<<<<

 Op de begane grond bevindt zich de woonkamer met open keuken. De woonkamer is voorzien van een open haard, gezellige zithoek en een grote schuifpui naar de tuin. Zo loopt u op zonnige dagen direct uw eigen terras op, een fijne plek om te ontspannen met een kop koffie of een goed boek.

>>>>
<<<<

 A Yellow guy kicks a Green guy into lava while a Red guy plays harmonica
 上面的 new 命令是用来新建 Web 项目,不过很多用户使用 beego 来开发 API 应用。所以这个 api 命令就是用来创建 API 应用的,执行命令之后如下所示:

>>>>

## WHAT IS NEEDED
Within the material above, copy exactly the lines from the line that holds "A Yellow guy" up to and including the line that holds "上面的 new 命令是用来新建".

## SOLUTION FOR THIS EXERCISE
 A Yellow guy kicks a Green guy into lava while a Red guy plays harmonica
 上面的 new 命令是用来新建 Web 项目,不过很多用户使用 beego 来开发 API 应用。所以这个 api 命令就是用来创建 API 应用的,执行命令之后如下所示:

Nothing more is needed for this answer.